Content starts

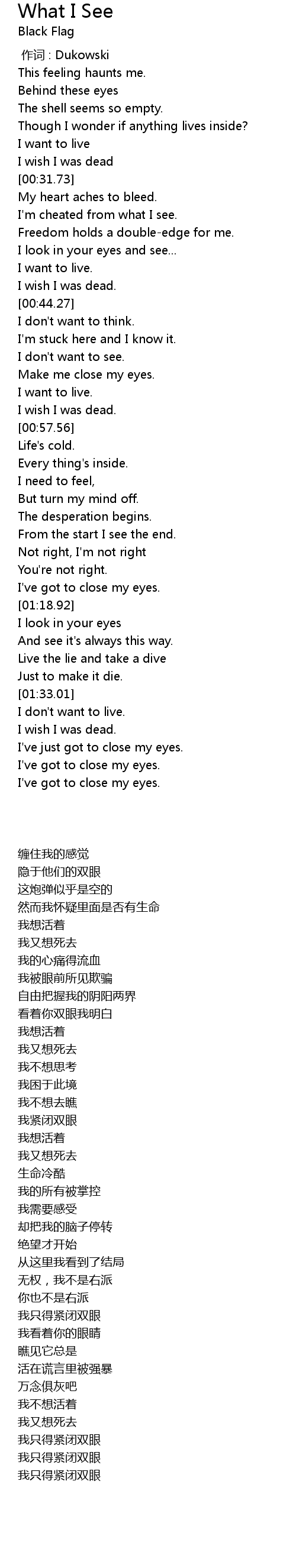 | [01:33.51] | I don't want to live. |
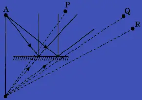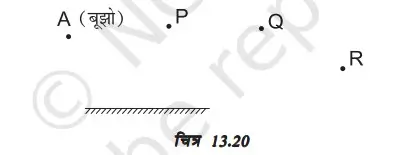 16. चित्र 13.20 में दर्शाए अनुसार बूझो एक समतल दर्पण के ठीक सामने पार्श्व से कुछ हटकर एक किनारे A पर खड़ा होता है। क्या वह स्वयं को दर्पण में देख सकता है? क्या वह P, Q तथा R पर स्थित वस्तुओं के प्रतिबिंब भी देख सकता है?
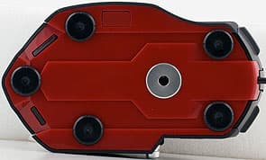Нижняя поверхность из слегка прозрачного матового пластика красного цвета, в ней пять отверстий для ножек и смещённый к передней части сенсор в металлическом кольце. Также фиксатор защёлки картриджа для грузиков. Задняя часть постоянно подсвечена красным, это чисто декоративная неотключаемая иллюминация.
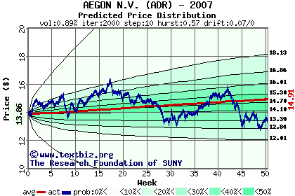 The high to date and low to date prices of the stock plotted against a random walk model for 2007 (what's this?).
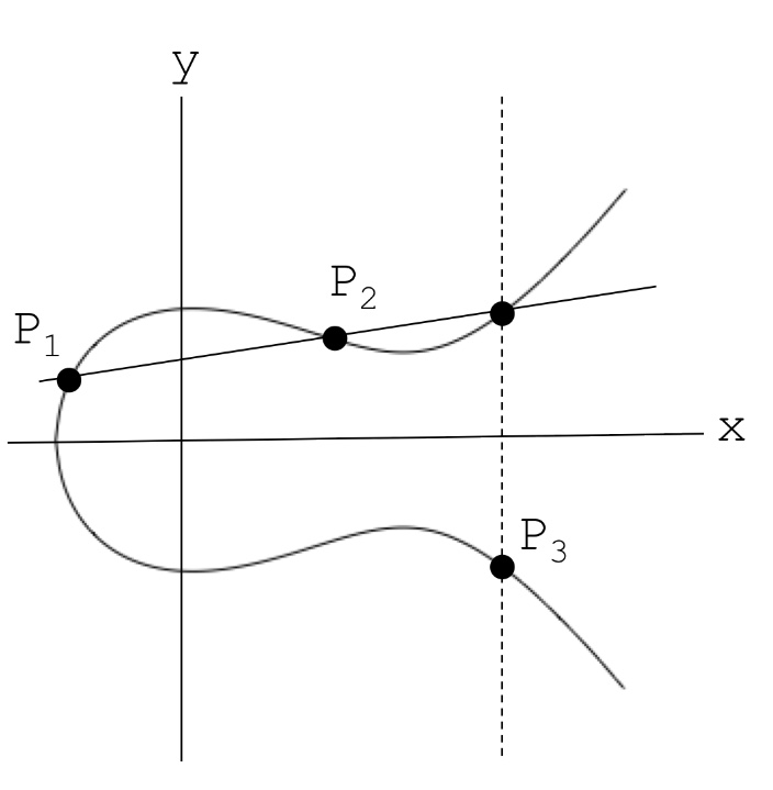 해당 그래프를 E: y^2 = x^3 - x + 1에 대한 그래프라고 하면, 독특한 점 연산을 정의할 수 있다. 예를 들어 위 그림과 같이 P1, P2가 있을 때, 다음과 같이 정의한다.
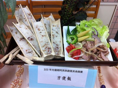 光復鄉衛生所林春孝表示,月桃葉、山苦瓜、馬告、紫糯米、藤心都是光復特有天然食材,以「少油、少鹽、少糖及高纖」健康飲食概念為主軸,今年特別加入健康食材之衛生及總熱量概念,期許在食安風暴下,提高民眾食材選用及料理技能,三餐能「食」在安心。
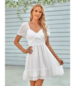 Temperament Round Neck Strapless Short-Sleeved Pleated Waist Dress Wholesale Dresses N5323032800183
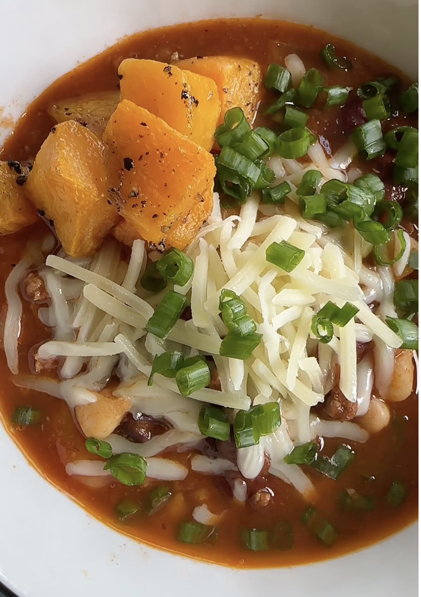 The Best Beef Chili Recipe! I love adding lots of beans and this time of the year, I love adding roasted butternut squash on top as a garnish. Adds texture and so much delicious flavor. I hope you try it!
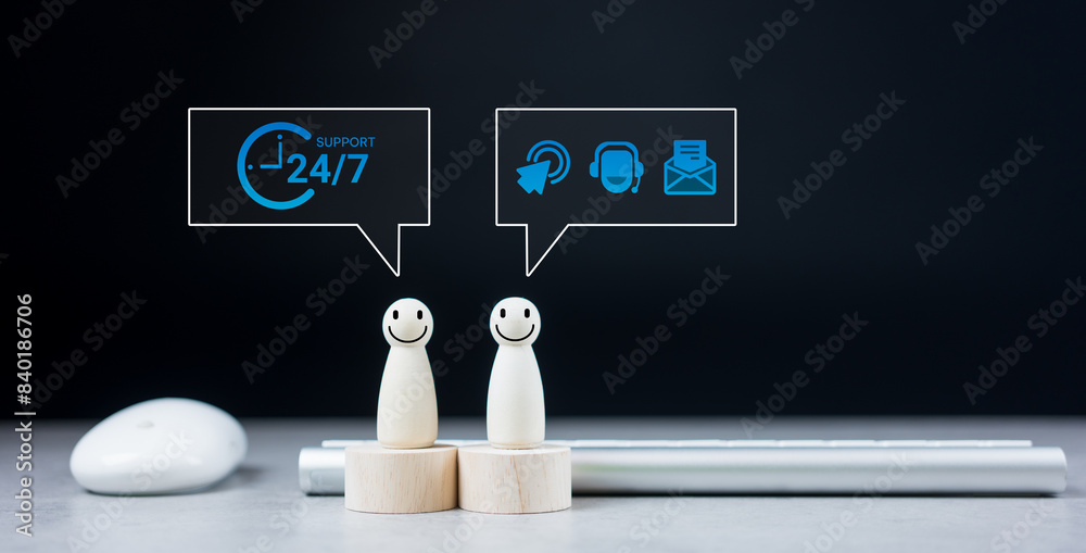 Contact us banner concept. Customer work page support, business web technology icon service such as email, address, live chat message and call phone, company website info network and 24 hours service
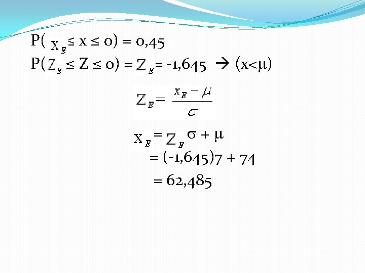 b) P(60≤x≤ 80) = = P(0, 33≤Z≤ 1, 67) = P(0≤Z≤ 1, 67) – P(0≤Z≤ 0, 33) = 0, 4525 – 0, 1293 = 0, 3232 Z 1 = = 0, 33 B = 0, 1293 Z 2 = = 1, 67 A = 0, 4525 C = A – B = 0, 3232
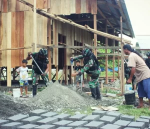 Membantu wujudkan tempat ibadah yang nyaman, personel Satgas Pamtas Yonif 126/KC Pos Bompay bersama masyarakat mengadakan gotong royong merenovasi lantai...

Content ends

Task directions ::
Transcribe only the lines between the line containing "Contact us banner" and the final line of the listing, inclusive, exactly as they appear; no pictures are to be included.

The answer ::
 Contact us banner concept. Customer work page support, business web technology icon service such as email, address, live chat message and call phone, company website info network and 24 hours service
 b) P(60≤x≤ 80) = = P(0, 33≤Z≤ 1, 67) = P(0≤Z≤ 1, 67) – P(0≤Z≤ 0, 33) = 0, 4525 – 0, 1293 = 0, 3232 Z 1 = = 0, 33 B = 0, 1293 Z 2 = = 1, 67 A = 0, 4525 C = A – B = 0, 3232
 Membantu wujudkan tempat ibadah yang nyaman, personel Satgas Pamtas Yonif 126/KC Pos Bompay bersama masyarakat mengadakan gotong royong merenovasi lantai...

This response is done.